Но глаза ее больше не горели в сумраке, как бывало прежде, и в эти минуты она казалась бесконечно далекой, хотя и сидела рядом, на скамеечке у дощатой лежанки, и даже поглаживала его руку теплыми, умиротворяющими пальцами. И голос у нее был подчеркнуто спокойный, даже безразличный, будто разговаривали не о том выстреле, испугавшем их обоих, а о сенокосе или дожде.
— Не думаю… но…
— Говори, говори.
— Зачем он тут ошивается?..
— Кто? — ее пальцы дрогнули. — Шачкус?
— Не будем играть в прятки: Райнис.
— А с чего ты это…
— Ладно, не будем!..
— Что ж, не будем. Тут ведь все его…
— Райниса?
— Начаса, понял? И ты на его лежанке… и…
— На его? Бандитской?
— На тебе и рубашка его…
— Его рубашка? На мне? — ужаснулся он. — Убери! Скорей! На!..

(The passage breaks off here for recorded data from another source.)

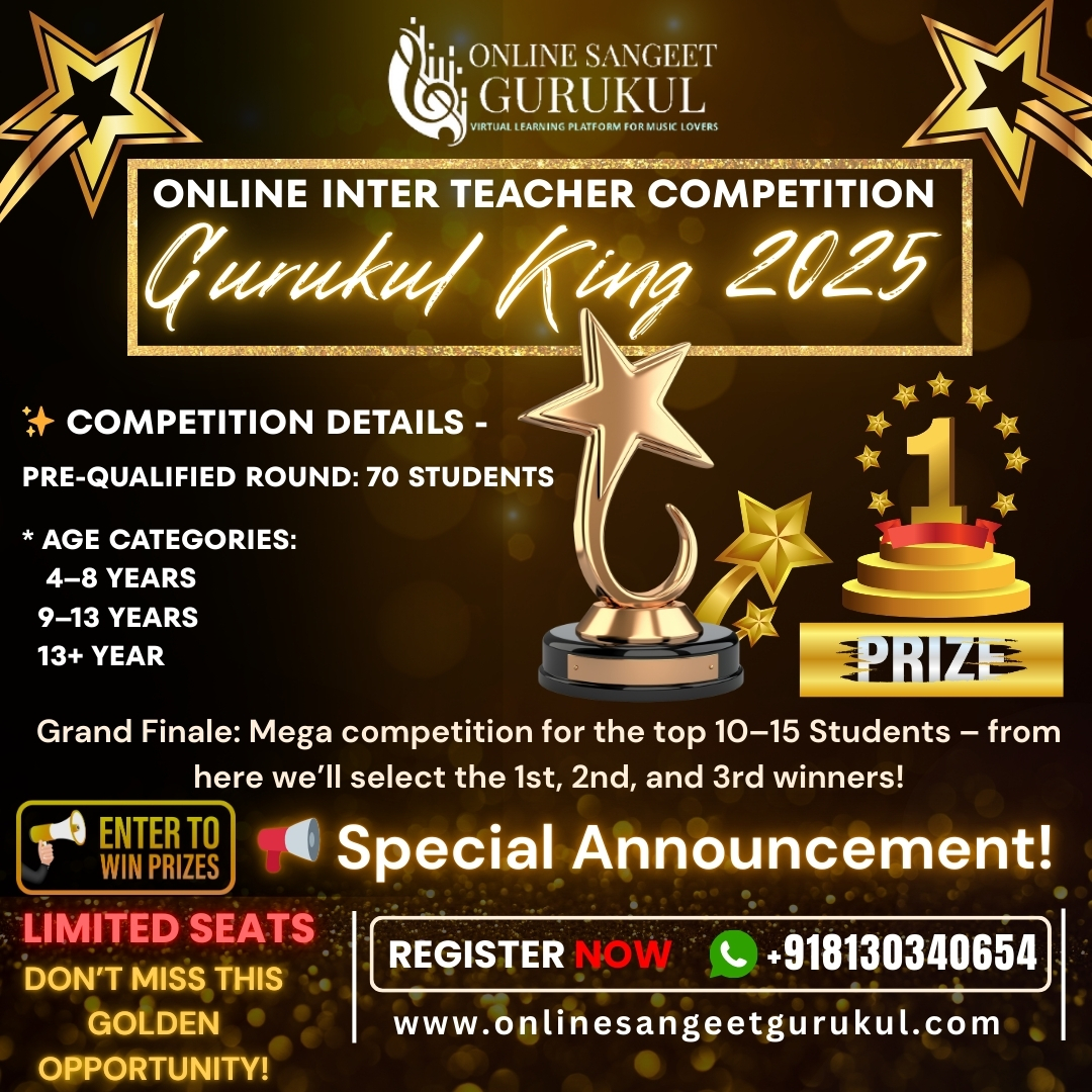 Namaste and a warm welcome to Online Sangeet Gurukulβ a place where voice, rhythm, passion, and dreams come together to create the true essence of music.
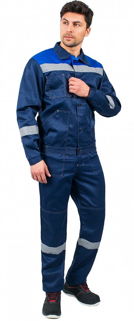 Светоотражающая полоса 50 мм по кокеткам спинки и полочек, рукавам, низу полукомбинезона.
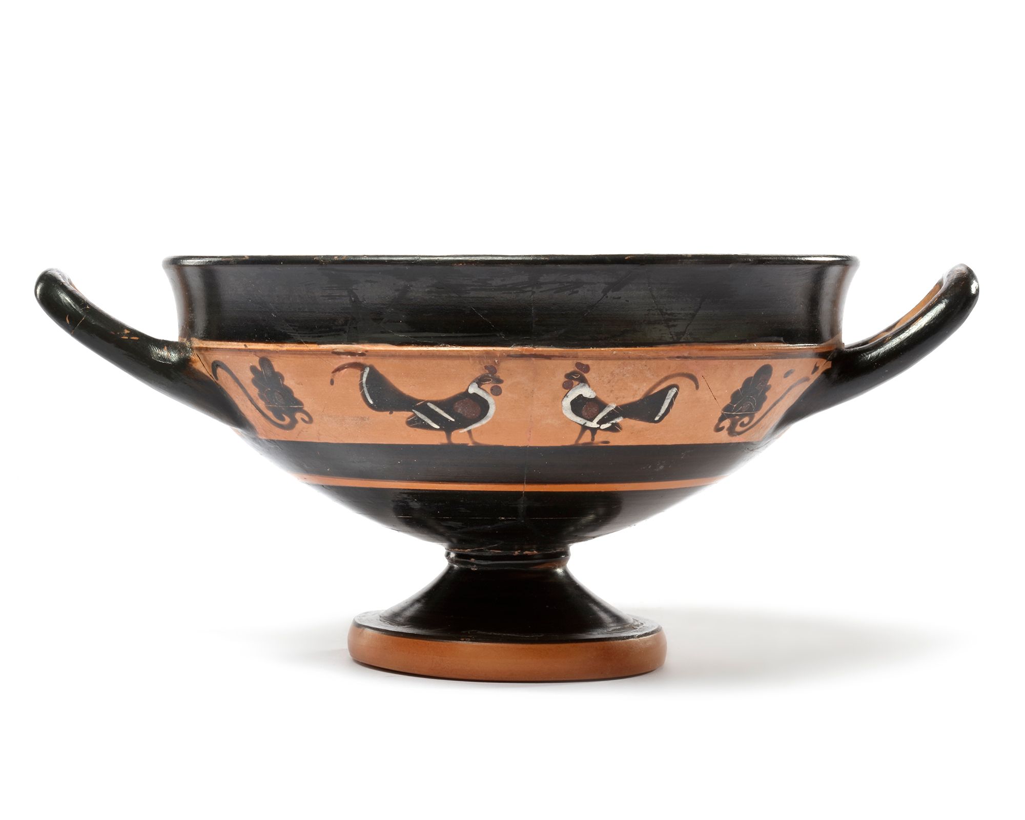 A charming small Kylie/cup often called 'Little-master cups' from the well known Tleson painter. Here we have a very good example of his work with both sides showing facing cockerels, one of his favorite subjects. The piece is assembled from fragments but is otherwise in good condition. There is a possible grafitto on the inside, perhaps Phoenician.

Он отдернул руку от этих пальцев — резко, точно обжегся, и отвернулся к стене — хватит! Этих разговоров, этих новостей. Этих поглаживаний… И как она смеет так говорить — с ледяным лицом, без всякого выражения, эта упитанная, пышущая здоровьем крестьянка, с которой так неожиданно его свела судьба и которая играет его жизнью, как кошка пойманным мышонком! Жена Райниса! Игра, выходит, неравная! Неужели она думает, что большая радость валяться вот так дни и ночи, точно кролик в клетке, смертельно напуганный кролик, которому иной раз подсунут горстку травки; попробовала бы сама! Тогда бы узнала, что это значит, когда вымаливаешь жизнь, точно нищий подаяние, — свою ничтожную, никому, кроме тебя самого, не нужную жизнишку, — а выклянчиваешь. Пусть без слов, а все равно просишь, ибо если не постоянное, ежеминутное унижение, то как еще можно назвать все его пребывание здесь, в этой чертовой яме, провонявшей старой картошкой и твоими же собственными испражнениями, это постоянное возбуждение, этот страх быть пойманным: и врагами, и своими, будто он сделал что-то дурное, тем паче — по своей воле; это дурацкое, никому не нужное раскаяние и эти медитации на парах, когда ничего другого на твою долю и не остается: Jedem das Seine! Похоже, ой как похоже на концлагерь — с той лишь разницей, что там никогда не будешь одинок, даже если угодишь в одиночку: тебе всегда остается надежда. Твоя судьба, твоя надежда. Даже когда тебе, бегущему, стреляют в спину, есть шанс, что промажут, выстрелят мимо, — словом, что-то человеку все-таки остается, а тут… Одна лишь холщовая рубаха — его, бандита — и та жжет спину, точно каленое железо, припаивается к торчащим, обтянутым желтой пупырчатой кожей лопаткам; одна лишь муторная неизвестность, сплошная неопределенность, в какой он мается вот уже которую неделю или который месяц. Если раньше было просто тяжело, то сейчас невыносимо, дальше некуда! Сейчас, когда он вроде бы поправляется и вроде бы уже все знает, — во всяком случае побольше, чем ему докладывает эта баба. Потому невыносимо. И когда в тот раз…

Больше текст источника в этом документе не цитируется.